Aflevering 21, gepubliceerd op 27-05-2010 met annotatie van mr. dr. J.Th. Sanders
Frankrijk past op het lijkenvervoer per wagen en – in voorkomend geval – het vervoer van personen in volgwagens of wagens van de uitvaartverzorgers het verlaagde btw tarief toe. De Commissie verzoekt het HvJ EU vast te stellen dat Frankrijk de verplichtingen van art. 96 tot en met 99, lid 1, Btw-richtlijn niet is nagekomen door niet een enkel btw tarief toe te passen op alle door lijkbezorgers verrichte diensten en de daarmee verband houdende leveringen van goederen. De Commissie stelt zich op het standpunt dat alle diensten en leveringen van goederen die een lijkbezorger verricht voor de familie van de overledene, een enkele samengestelde handeling vormen, die bijgevolg aan een enkel belastingtarief moet worden onderworpen. Frankrijk voert aan dat de rechtspraak waarop de Commissie zich baseert, niet relevant is en dat de lidstaten voor de categorieën van werkzaamheden van bijlage III bij de Btw-richtlijn de mogelijkheid hebben het verlaagde tarief selectief toe te passen.

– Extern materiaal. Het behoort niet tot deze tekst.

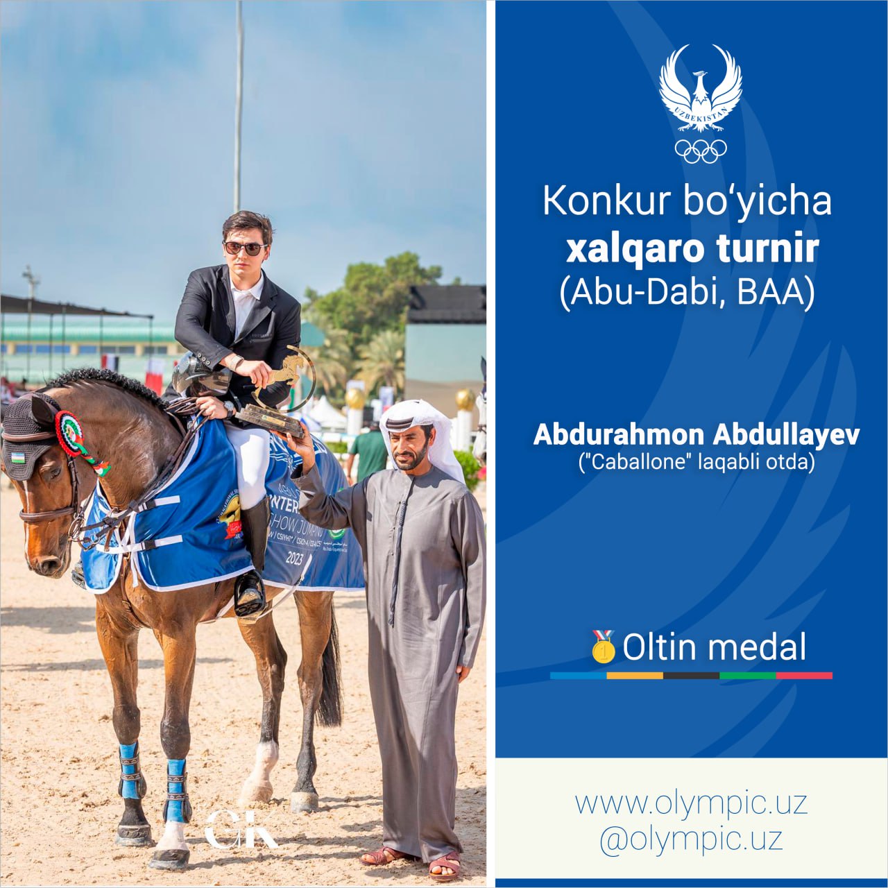BAAning Abu-Dabi shahrida ot sportining konkur yoʻnalishi boʻyicha CSI 4*-W tasnifidagi musobaqa yakunlandi. Turnirning soʻnggi kuni Oʻzbekiston terma jamoasi uchun muvaffaqiyatli oʻtdi.

Het HvJ EU verwerpt de op splitsingsleer van prestaties gestoelde redenering van de Commissie en komt via de vaststelling dat het vervoer van lijken concreet en specifiek is tot de conclusie dat het beroep van de Commissie moet worden verworpen.

NTFR 2010/1215 - Na verwijzing: tariefverschil precariobelasting op diverse soorten leidingen is objectief en redelijk

ECLI:NL:HR:2010:BM5129, datum uitspraak 21-05-2010, publicatiedatum 21-05-2010
Aflevering 21, gepubliceerd op 27-05-2010
Belanghebbende heeft, in daarvoor gereserveerde leidingstroken, leidingen en buizen in de gemeentegrond gelegd. Waar de leidingen en buizen boven de grond komen, zijn hekken geplaatst met waarschuwingen. Ter zake hiervan is aan belanghebbende een aanslag precariobelasting opgelegd. In de tarieventabel zijn verschillende tarieven opgenomen voor de post 12.01 ‘Buizen en transportleidingen, voor zover niet vallend onder nummer 12.03’ en de post 12.03 ‘Gasbuizen tot een werkdruk van 10 bar, waterleiding en stadsverwarmingsbuizen per meter per jaar’.

NTFR 2010/1216 - Met aantekening in postboek is niet aannemelijk gemaakt dat bezwaarschrift is verzonden

ECLI:NL:GHAMS:2010:BM0992, datum uitspraak 25-03-2010, publicatiedatum 14-04-2010
Aflevering 21, gepubliceerd op 27-05-2010 met annotatie van mr. dr. H. Vermeulen
Aan belanghebbende is op 31 maart 2006 een aanslag IB/PVV 2002 opgelegd. Omdat betaling achterwege bleef, is aan belanghebbende eerst een aanmaning uitgereikt en daarna een dwangbevel per post betekend. Belanghebbende stelt dat de aanmaning en het dwangbevel ten onrechte zijn verzonden omdat er bezwaar is gemaakt tegen de aanslag. Belanghebbende verwijst naar een aantekening in het postboek van de gemachtigde waaruit hij afleidt dat het bezwaarschrift op 5 april 2006 zou zijn verzonden. In tegenstelling tot Rechtbank Haarlem oordeelt het hof dat belanghebbende met deze aantekening in het postboek niet aannemelijk maakt dat er tijdig een bezwaarschrift is ingediend. Ook aan de stelling van belanghebbende dat het belastingkantoor telkens poststukken kwijtraakt, kan het hof niet het bewijs ontlenen dat het bezwaarschrift is verzonden.